- _Work task_
Below are some records. Return exactly the lines from the one with "蓝色的绒布冰川,绒布冰川发育" to the one with "Material Berkualitas Pada", and nothing else.

- _Records from a data source_
::::::
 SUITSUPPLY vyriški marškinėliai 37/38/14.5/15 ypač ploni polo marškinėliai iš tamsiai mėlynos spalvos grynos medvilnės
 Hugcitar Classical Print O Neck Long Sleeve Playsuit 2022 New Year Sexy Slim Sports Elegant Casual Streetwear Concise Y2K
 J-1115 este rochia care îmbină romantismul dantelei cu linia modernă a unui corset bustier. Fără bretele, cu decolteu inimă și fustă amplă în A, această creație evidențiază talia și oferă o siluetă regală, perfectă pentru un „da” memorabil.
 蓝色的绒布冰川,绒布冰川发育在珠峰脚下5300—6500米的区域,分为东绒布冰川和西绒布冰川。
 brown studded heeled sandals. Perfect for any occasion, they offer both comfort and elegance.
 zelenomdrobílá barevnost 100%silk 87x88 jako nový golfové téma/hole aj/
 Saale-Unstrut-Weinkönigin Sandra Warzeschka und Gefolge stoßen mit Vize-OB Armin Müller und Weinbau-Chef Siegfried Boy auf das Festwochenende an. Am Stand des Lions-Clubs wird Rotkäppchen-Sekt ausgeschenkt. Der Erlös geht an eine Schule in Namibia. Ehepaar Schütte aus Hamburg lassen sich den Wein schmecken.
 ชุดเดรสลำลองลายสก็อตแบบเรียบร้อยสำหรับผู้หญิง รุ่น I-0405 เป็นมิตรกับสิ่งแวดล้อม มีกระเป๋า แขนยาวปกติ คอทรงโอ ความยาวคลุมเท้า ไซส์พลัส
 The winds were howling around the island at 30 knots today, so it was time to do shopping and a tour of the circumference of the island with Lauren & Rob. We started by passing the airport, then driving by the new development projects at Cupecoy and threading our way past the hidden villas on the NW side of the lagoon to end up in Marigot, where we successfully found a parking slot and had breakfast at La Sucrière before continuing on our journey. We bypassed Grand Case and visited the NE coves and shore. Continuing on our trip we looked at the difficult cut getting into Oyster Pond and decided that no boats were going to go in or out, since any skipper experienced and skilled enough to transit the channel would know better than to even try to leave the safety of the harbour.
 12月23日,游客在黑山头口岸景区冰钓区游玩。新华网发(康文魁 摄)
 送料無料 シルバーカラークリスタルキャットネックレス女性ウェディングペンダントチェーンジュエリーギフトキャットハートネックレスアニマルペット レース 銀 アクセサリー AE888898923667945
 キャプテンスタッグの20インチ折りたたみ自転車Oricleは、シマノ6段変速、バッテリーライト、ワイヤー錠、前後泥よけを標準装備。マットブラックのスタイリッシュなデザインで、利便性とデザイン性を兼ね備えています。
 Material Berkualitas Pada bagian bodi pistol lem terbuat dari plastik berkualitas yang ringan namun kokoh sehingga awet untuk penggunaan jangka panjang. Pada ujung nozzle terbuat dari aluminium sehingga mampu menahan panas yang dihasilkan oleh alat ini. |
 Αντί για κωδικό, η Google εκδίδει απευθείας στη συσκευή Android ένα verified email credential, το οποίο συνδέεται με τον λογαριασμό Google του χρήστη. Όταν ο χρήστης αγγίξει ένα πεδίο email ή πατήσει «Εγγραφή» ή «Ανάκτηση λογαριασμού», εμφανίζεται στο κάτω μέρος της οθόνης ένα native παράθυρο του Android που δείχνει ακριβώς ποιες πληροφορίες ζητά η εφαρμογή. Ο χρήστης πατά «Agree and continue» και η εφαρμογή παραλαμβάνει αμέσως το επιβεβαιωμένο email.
::::::
- _Task response_
 蓝色的绒布冰川,绒布冰川发育在珠峰脚下5300—6500米的区域,分为东绒布冰川和西绒布冰川。
 brown studded heeled sandals. Perfect for any occasion, they offer both comfort and elegance.
 zelenomdrobílá barevnost 100%silk 87x88 jako nový golfové téma/hole aj/
 Saale-Unstrut-Weinkönigin Sandra Warzeschka und Gefolge stoßen mit Vize-OB Armin Müller und Weinbau-Chef Siegfried Boy auf das Festwochenende an. Am Stand des Lions-Clubs wird Rotkäppchen-Sekt ausgeschenkt. Der Erlös geht an eine Schule in Namibia. Ehepaar Schütte aus Hamburg lassen sich den Wein schmecken.
 ชุดเดรสลำลองลายสก็อตแบบเรียบร้อยสำหรับผู้หญิง รุ่น I-0405 เป็นมิตรกับสิ่งแวดล้อม มีกระเป๋า แขนยาวปกติ คอทรงโอ ความยาวคลุมเท้า ไซส์พลัส
 The winds were howling around the island at 30 knots today, so it was time to do shopping and a tour of the circumference of the island with Lauren & Rob. We started by passing the airport, then driving by the new development projects at Cupecoy and threading our way past the hidden villas on the NW side of the lagoon to end up in Marigot, where we successfully found a parking slot and had breakfast at La Sucrière before continuing on our journey. We bypassed Grand Case and visited the NE coves and shore. Continuing on our trip we looked at the difficult cut getting into Oyster Pond and decided that no boats were going to go in or out, since any skipper experienced and skilled enough to transit the channel would know better than to even try to leave the safety of the harbour.
 12月23日,游客在黑山头口岸景区冰钓区游玩。新华网发(康文魁 摄)
 送料無料 シルバーカラークリスタルキャットネックレス女性ウェディングペンダントチェーンジュエリーギフトキャットハートネックレスアニマルペット レース 銀 アクセサリー AE888898923667945
 キャプテンスタッグの20インチ折りたたみ自転車Oricleは、シマノ6段変速、バッテリーライト、ワイヤー錠、前後泥よけを標準装備。マットブラックのスタイリッシュなデザインで、利便性とデザイン性を兼ね備えています。
 Material Berkualitas Pada bagian bodi pistol lem terbuat dari plastik berkualitas yang ringan namun kokoh sehingga awet untuk penggunaan jangka panjang. Pada ujung nozzle terbuat dari aluminium sehingga mampu menahan panas yang dihasilkan oleh alat ini. |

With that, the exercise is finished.